Notably, the radius distributions of spherical particles were also obtained by analyzing SEM images of SiO₂ and polystyrene samples in this work. As shown in Fig. 5(c)–(f), the main radii of SiO₂ and polystyrene are 260 nm and 160 nm, respectively. This suggests that the PSDs derived from SEM are consistent with those obtained from scattering measurements in terms of the main radius sizes. However, PSDs derived from SEM fail to capture the distribution features in other radius ranges revealed by the FNN and McSAS. This discrepancy fundamentally arises from the inherent statistical advantages of the scattering technique over SEM, particularly their capacity to perform ensemble averaging over large nanoparticle populations. Nevertheless, the SEM results strongly corroborate the accuracy of the FNN-predicted PSDs.

To assess the performance of the FNN model under varying conditions, its robustness and efficiency were systematically evaluated by considering factors such as noise levels, hidden layer sizes, and peak width. The results indicate that noise levels had minimal impact on the model's computational efficiency (see Fig. S1 and S2 and Table S1 of the SI). The effect of hidden layer size on the computation time and accuracy was also assessed, as presented in Tables S2 and S3 of the SI. The computational time was found to be unaffected by the size of the hidden layers and the number of peaks in the PSD, remaining steady at around 50 ms per sample.

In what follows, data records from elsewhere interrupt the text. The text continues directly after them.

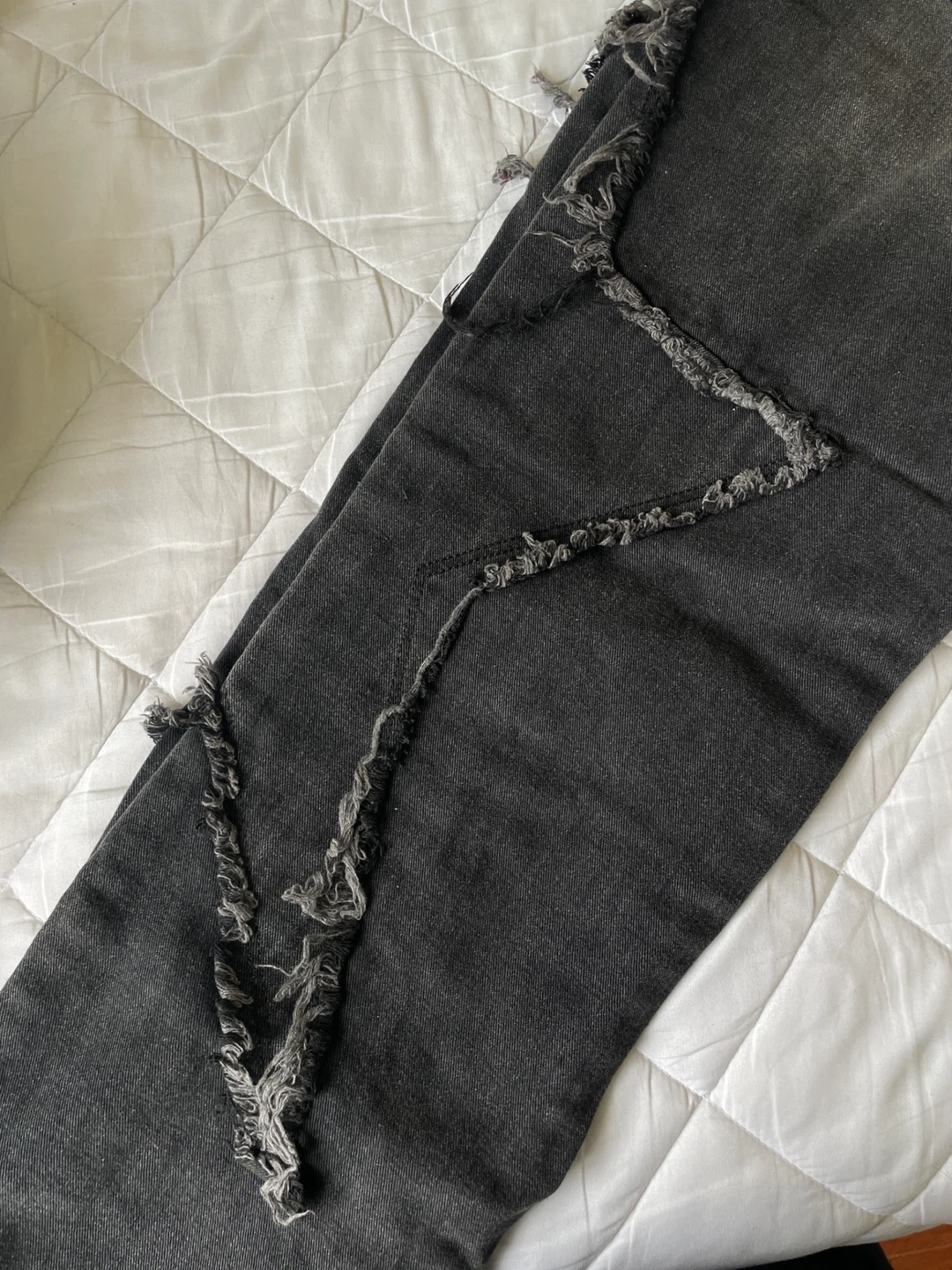 These black denim jeans feature a distressed design with unique frayed detailing along the legs. They have a classic five-pocket style with a zip fly and button closure. Looks like they're ready for a new wardrobe!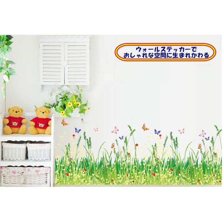 ウォールステッカー シール 壁紙 おしゃれ 賃貸ok Diy 春の平原 花 緑 植物 グリーン 蝶々 Shisha1malaysia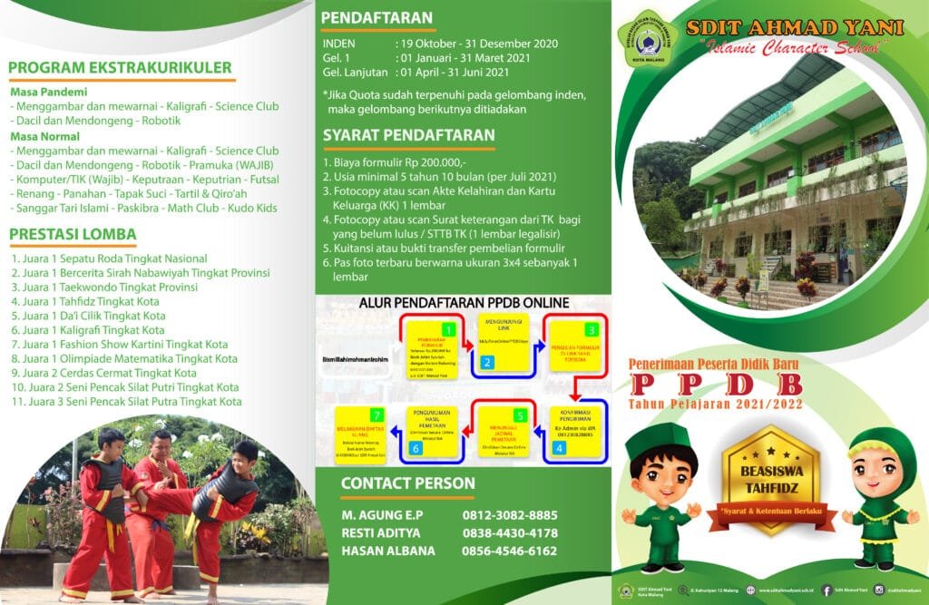 PPDB TAHUN PELAJARAN 2021/2022 TELAH DIBUKA Post author:Admin Post published:20 October 2020 Post category:Pengumuman Post comments:0 Comments Brosur PPDB Tahun Pelajaran 2021/2022 Alur Pendaftaran PPDB Online You Might Also Like PERAYAAN HUT RI KE 77 DAN TASYAKURAN SEKOLAH PENGGERAK 31 August 2022 FATHYA MURID KELAS VI SITAYA JUARA SATU MENGGAMBAR TINGKAT JATIM 2022 18 May 2022 SDIT AHMAD YANI LUNCURKAN PROGRAM “BOTOL BERKAH” DUKUNG PERSIAPAN ADIWIYATA PROVINSI 11 September 2025 Leave a Reply Cancel replyCommentEnter your name or username to comment Enter your email address to comment Enter your website URL (optional) Save my name, email, and website in this browser for the next time I comment. Δ
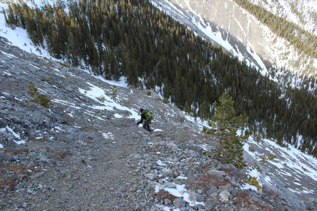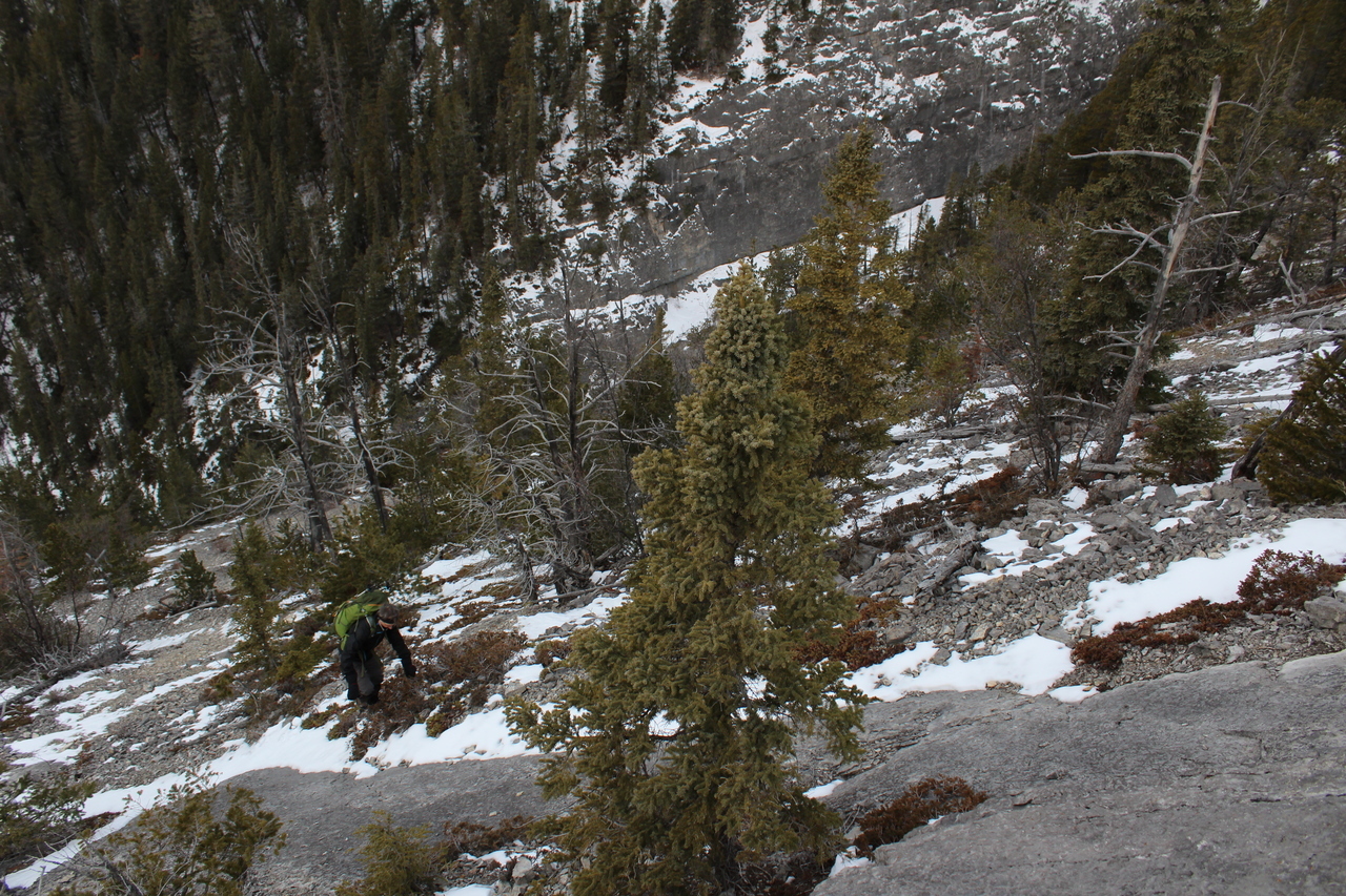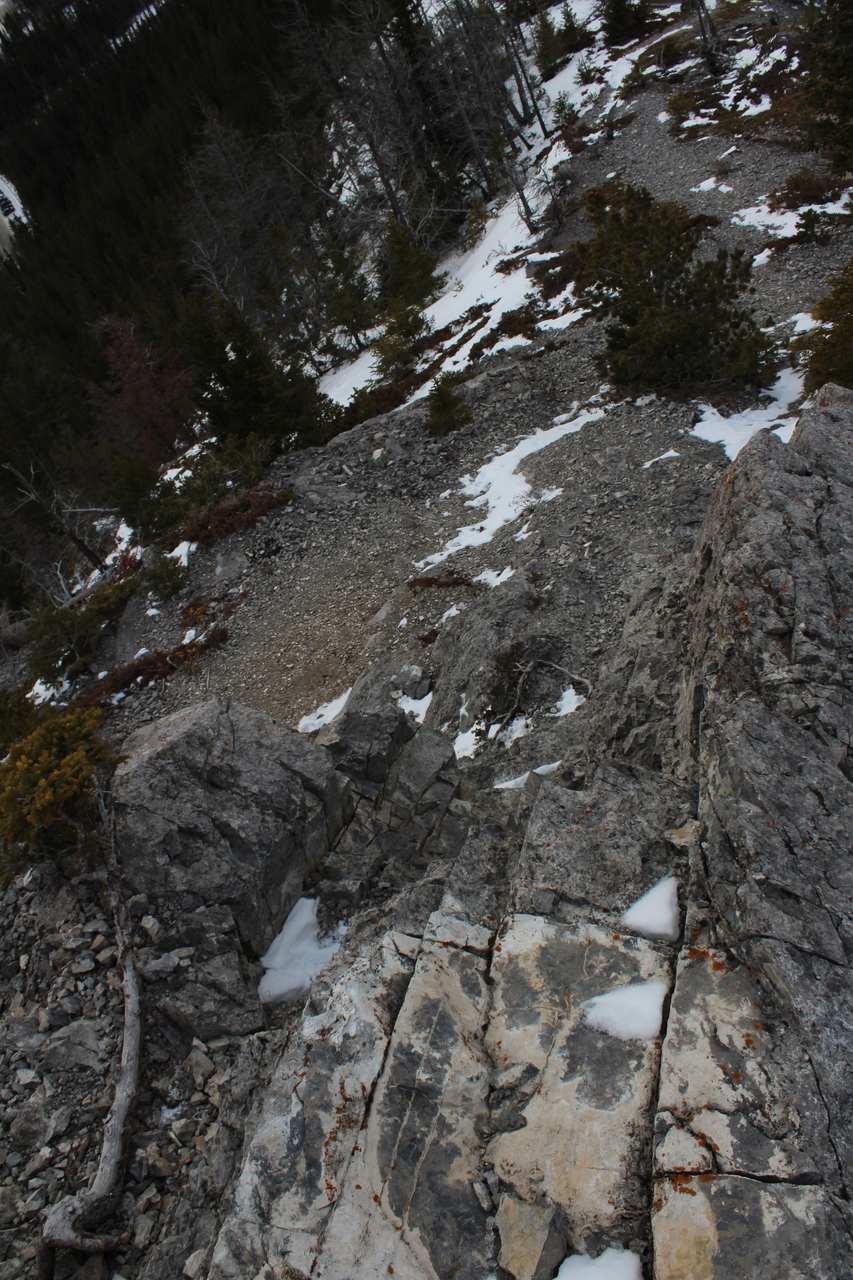 Luckily for us, we did! The cliff band soon peters out, and we were able to easily descend around it!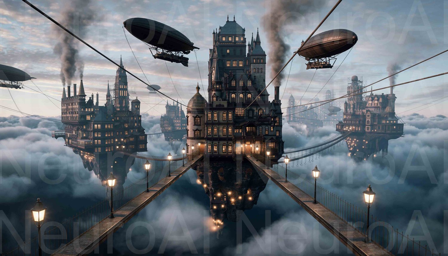 Steampunk cityscape floating above the clouds dream

The model achieved the best performance with two hidden layers consisting of 2048 and 1024 neurons. Additionally, the accuracy of the FNN model was not influenced by changes in peak width, as demonstrated in Fig. S3–S5 of the SI. The performance validation of the FNN model on both simulated and experimental scattering data exhibits its feasibility and versatility for the accurate and efficient PSD extraction of both monodisperse and polydisperse systems. These results further underscore the model's robustness and adaptability across different types of data and system complexities. Unlike traditional methods, the FNN synergizes machine learning's capacity for high-dimensional nonlinear mapping with physics-informed optimization, employing neural network training for pattern recognition and physics-constrained parameter fine-tuning. This dual strategy enables efficient, high-precision SAXS analysis of intricate PSDs while ensuring physical plausibility. The computational efficiency of the FNN makes it especially valuable for scenarios requiring large-scale scattering data processing. In real time, high-frequency monitoring or high-throughput batch analysis, its millisecond-level inversion speed per curve can overcome the efficiency bottleneck of traditional methods, offering a new technical method for the rapid characterization of complex particle systems.

4. Conclusions

In this work, we developed an FNN model for the accurate and efficient prediction of PSD from scattering data, demonstrating distinct advantages over traditional methods. The FNN model achieves high-precision PSD characterization for both monodisperse and polydisperse systems. For simulated systems containing 1–4 peaks, the FNN model maintains a mean relative error (MRE) below 0.5 while accurately resolving critical features, including peak positions, full width at half maximum (FWHM), relative intensities, and even low-abundance minor peaks. Experimental validation using SiO₂ and polystyrene nanoparticles confirms that the FNN-predicted PSDs closely match those obtained by the conventional McSAS method. Furthermore, SEM analysis independently verifies key peak positions (260 nm for SiO₂ and 160 nm for polystyrene), corroborating the reliability of the FNN model for PSD analysis. Remarkably, the FNN model exhibits unprecedented computational efficiency. It infers the PSD from a single scattering curve in approximately 50 ms, which is roughly 1800 times faster than the McSAS method (15 minutes per curve). This breakthrough addresses the long-standing efficiency bottleneck of traditional inversion approach and enables real-time processing in scenarios such as in situ and high-throughput experiments. The method effectively synergizes the advantages of ML with physical plausibility by integrating physical constraints through iterative fine-tuning, ensuring that the predicted PSDs adhere to the fundamental physics of scattering while preserving the strong capability of ML to map high-dimensional nonlinear relationships. Additionally, by leveraging the statistical advantage of scattering measurements, the FNN model can identify minor size populations that are undetectable by SEM, thus enabling more comprehensive structural characterization. In summary, the FNN model with its exceptional accuracy, speed, and physical consistency offers a novel technical approach for the rapid, high-precision analysis of complex particle systems in materials science and nanotechnology.

Conflicts of interest

The authors declare no competing interests.

Data availability

The data that support the findings of this study are available upon request.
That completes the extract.